Edgar Newham

Personal information
- Full name: Edgar Wynton Newham
- Born: 19 July 1914 Cowra, New South Wales, Australia
- Died: 27 November 1995 (aged 81) Sydney, New South Wales, Australia

Playing information
- Position: Wing
Club
| Years | Team | Pld | T | G | FG | P |
| 1938–48 | Canterbury-Bankstown | 72 | 55 | 0 | 0 | 175 |
Representative
| Years | Team | Pld | T | G | FG | P |
| 1946 | Australia | 2 | 0 | 0 | 0 | 0 |
| 1941 | New South Wales | 5 | 4 | 0 | 0 | 12 |
| 1940–41 | NSW City | 2 | 2 | 0 | 0 | 6 |
- Source:

= Edgar Newham =

Australia international rugby league footballer

Edgar Wynton Newham (1914–1995) was a rugby league footballer for Canterbury-Bankstown, New South Wales and for the Australian national side.

==Rugby league career==

Edgar Newham played his first game of Rugby League at 19 years of age. By the time he was 24, Edgar Newham joined Canterbury-Bankstown from Cowra, New South Wales and played 9 seasons with the club between 1938-1945 and 1948.

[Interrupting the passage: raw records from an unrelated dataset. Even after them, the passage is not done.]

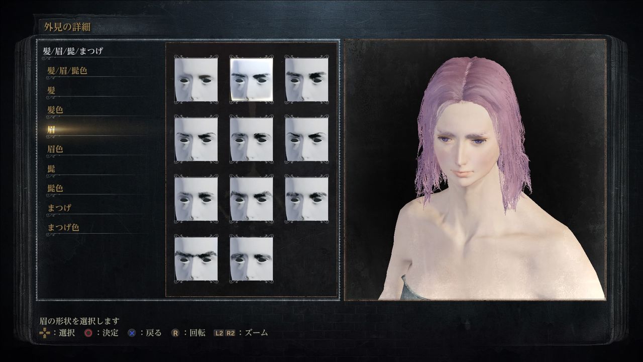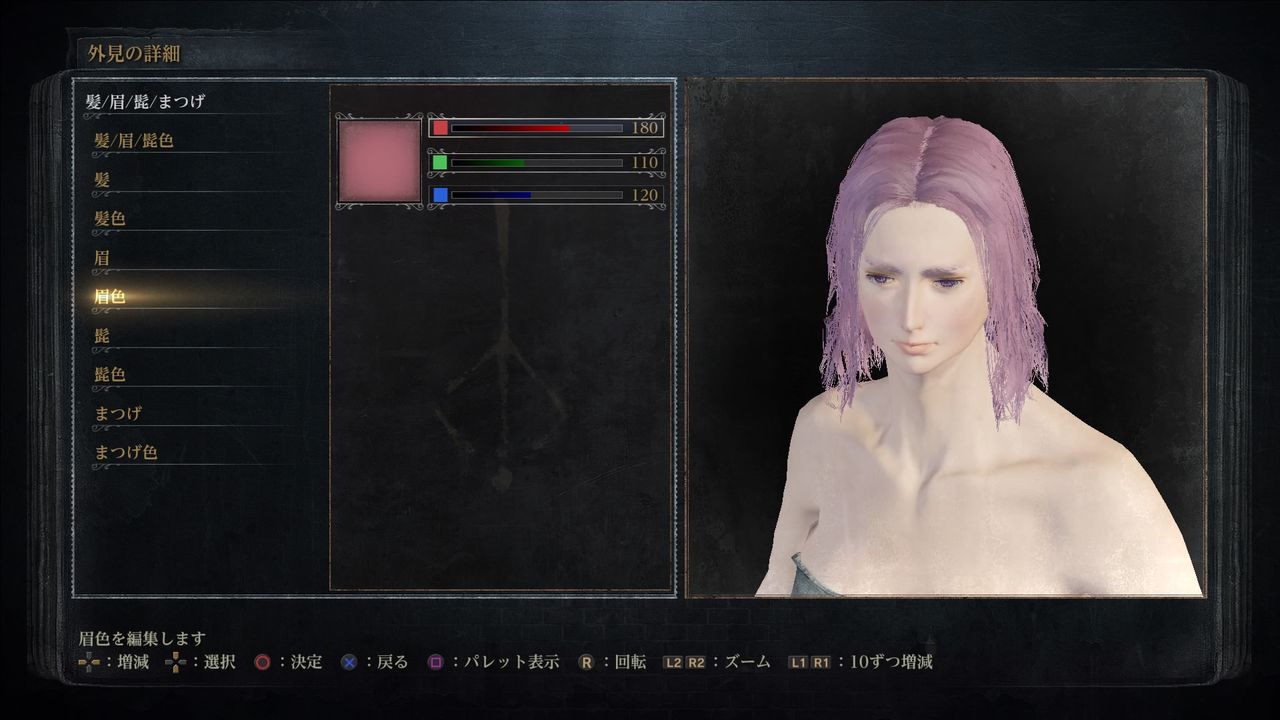 眉色(Brow Color):赤180/緑110/青120。好みの色で良い。
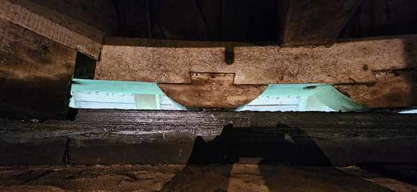 Le rail qui permet de fermer tourner le toit du moulin à vent
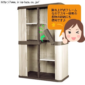 - 注文した次の日に配達され驚きました。最初はいつも利用しているショッピングサイトから申し込もうと思いましたが、アイリスプラザの方が安く、メンバー登録して500円のポイントも併せて購入しました。一人で1時間半ほどで完成。プラスティックなので蛇腹、内壁、外壁、天板の合わせに少々苦労しました、私は園芸用のスコップ等1メートル強の長さのものまでの保管なので、スキーの板までの長さまでのものはなく棚板がもう一枚あると右側上部がもう一段利用できるのではと思いました。別注文でもよいのですが。また鍵を付けられるところもプラスティックでできているので強度はそれほど高くないので簡易的な安全性かと思いました。でも全体的に大きさ、強度、保管できる量から考えると満足しています。
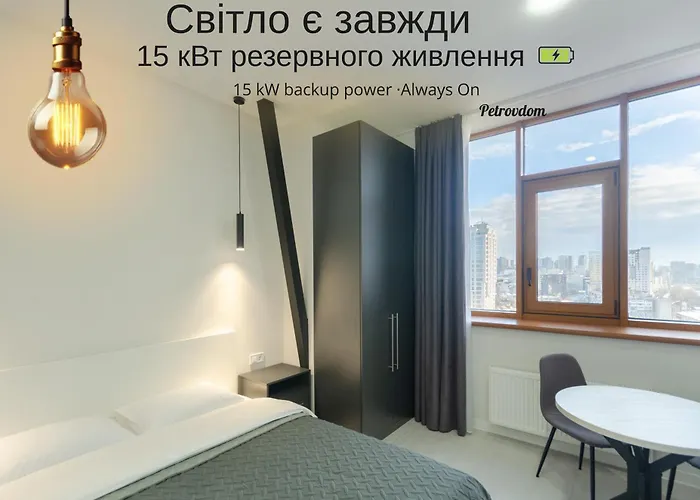 Guests can visit the mikhail Mykhailo Bulgakov Museum-Memorial, 2.8 km away or the Steam Locomotive Monument, 950 metres from the apartment. 14-2 Diplomat Hall, Zhylianska 59, Kyiv Centre, Panoramic City View, 15 Kw Backup Power, Petrovdom Apartment lies in the Holosiivskyj district of Kyiv. Approximately a 25-minute walk from this accommodation you will find the indoor Bessarabsky Market.
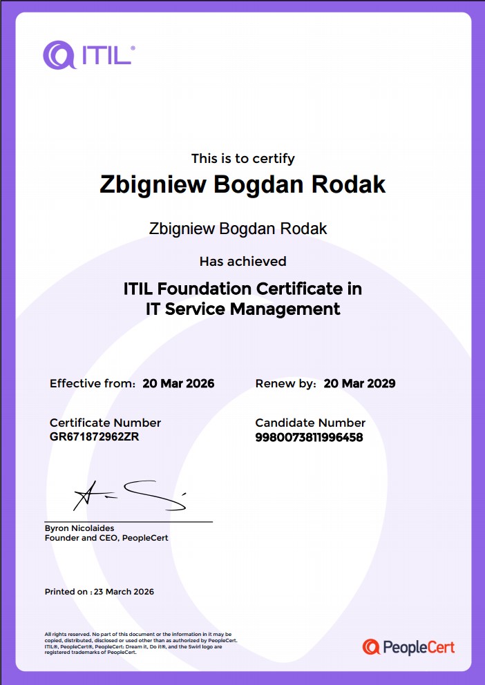 - Szkolenie i certyfikat ITIL 4.0 Foundation.
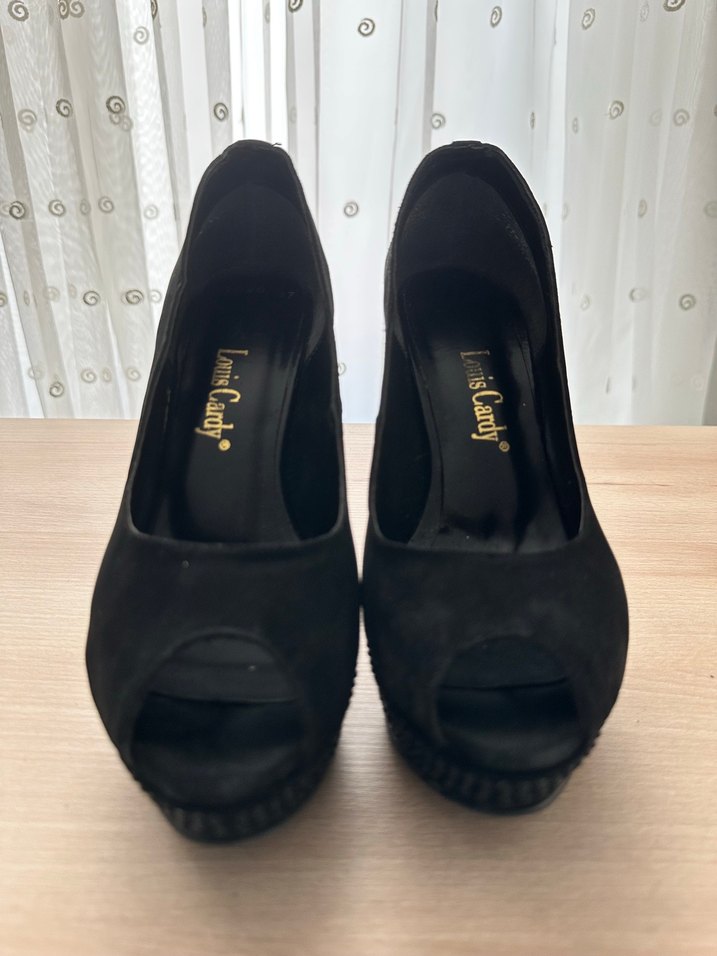 Siyah süet, platformlu, platformu ve topuğu boydan boya siyah taşlı, çok şık ve rahat abiye ayakkabı, topuk boyu 12 cm, 37 numara

He found immediate success when Canterbury won their first premiership, beating Eastern Suburbs Roosters 19–6 in the 1938 Final. Newham played on the wing in the Final.

Four years later in 1942, Newham crossed for 5 tries in a mid-week match against the Balmain Tigers that decided the minor-premiership. His five try record in this game was only equaled in 2002 by Nigel Vagana. Canterbury won the match 26-20 and went on to win the 1942 Premiership, beating the St. George Dragons 11–9 in the grand final.

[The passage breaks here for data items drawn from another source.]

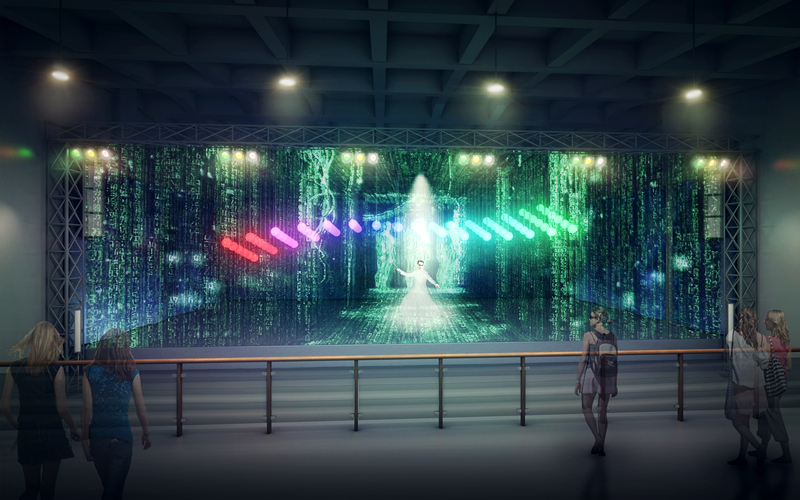 在电影视觉全息体验馆,运用虚拟投影技术与电影视觉特效技术结合的手段,将舞蹈演员梦幻般的表演与虚拟的视觉特效结合,从而让观众沉浸在梦境世界里。
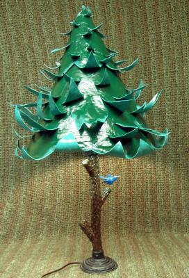 My husband made a lamp stand with welded carbon steel a few years back. I have just finished the lampshade. Using a lampshade found at a thrift store, I have layered newspaper strips and painted it to give it a whimsical fir tree effect. The little bluebird is also made from newspaper and paint.
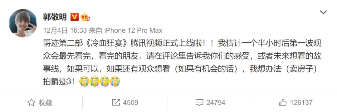 影片上线当天,郭敬明发微博称:如果可以,如果还有观众想看(如果有机会的话),我想办法(卖房子)拍爵迹3!

The war years interrupted his Canterbury-Bankstown career. In 1946 he returned to Captain-Coach the Cowra league team and in 1947 he played in Queensland.

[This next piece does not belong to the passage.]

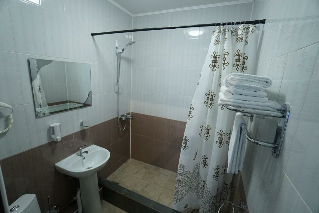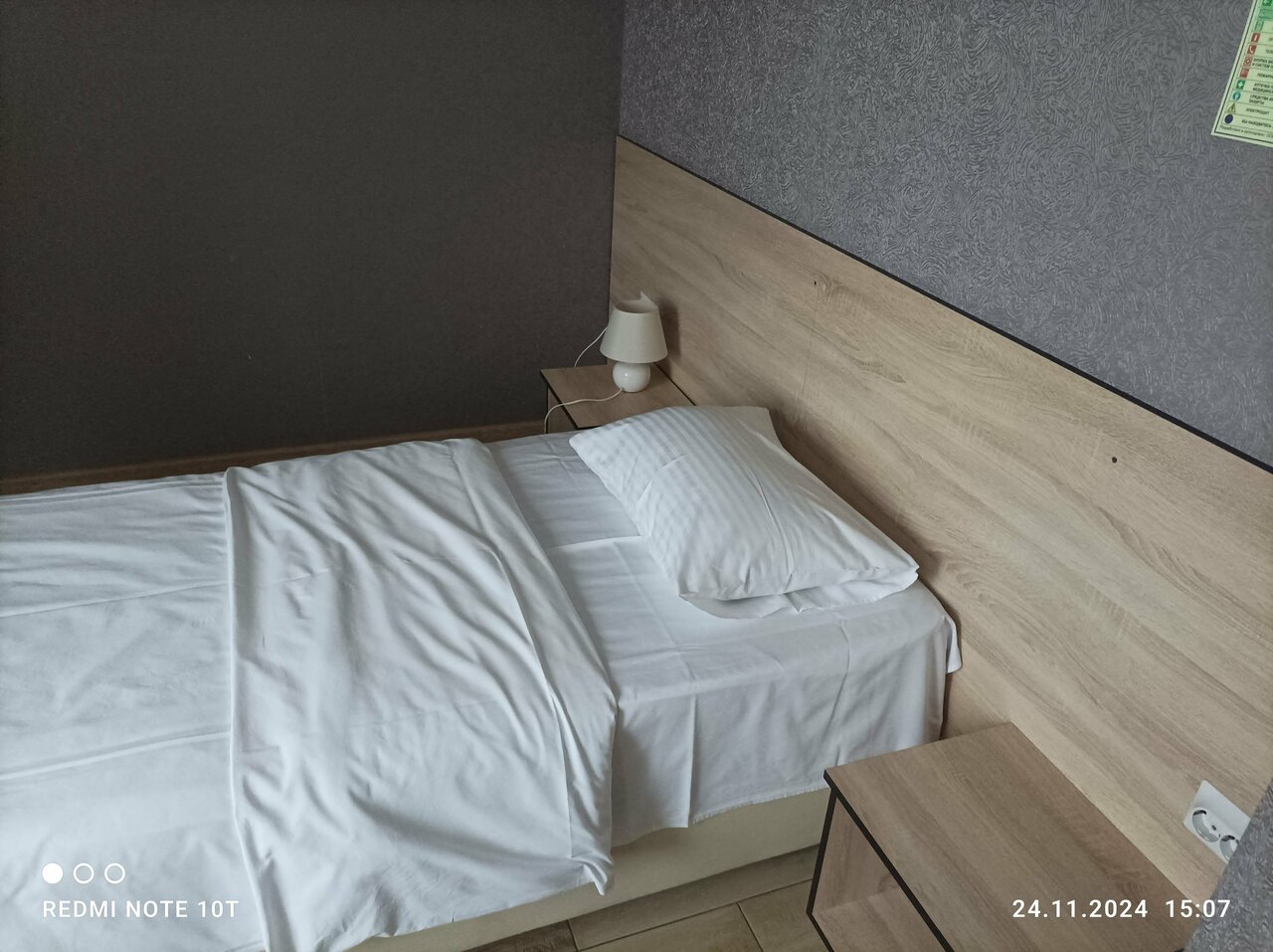 Гостиница не плохая, чистый номер, не плохой ремонт, есть кондиционер, телевизор, в ванной есть мыльные принадлежности (гель для душа, шампунь, зуб паста и щетка в наборе), фен. В номере не хватает чайника и чайной посуды, чтобы попить чай нужно спуститься вниз, в столовую, не удобно ( там чайники и посуда). А так переночевать можно. Завтраки входят в стоимость, оценить не могу, не пробовали, уехали раньше 7 часов.

In 1948, Newham briefly returned to Canterbury as a 34-year-old. He played half of the season with Canterbury before a hip injury forced him to retire as a player.

==War service==

Newham joined the RAAF as a paratrooper and traveled to club games during the 1942 season while stationed in Newcastle before leaving for active duty overseas, as a gunner. After returning to Australia, he was again playing for Cowra in 1946 when he was again selected to play for the New South Wales rugby league team and ultimately went on to play Great Britain in the 1946 Ashes series.

==Representative career==

Newham represented New South Wales in 1941 but had to wait until after the War to represent Australia. When he was selected for the Kangaroos at 32 years of age, he became the oldest ever player to make his Test debut. He played two Tests for the Australian national side in 1946.

==Accolades==
Edgar Newham is recognised as Bulldogs player No. 58.

In 2004 Edgard Newham was named on the wing for the Berries to Bulldogs 70 year Team of Champions.

In 2007 he was inducted into the Bulldogs Hall of Fame (Ring of Champions).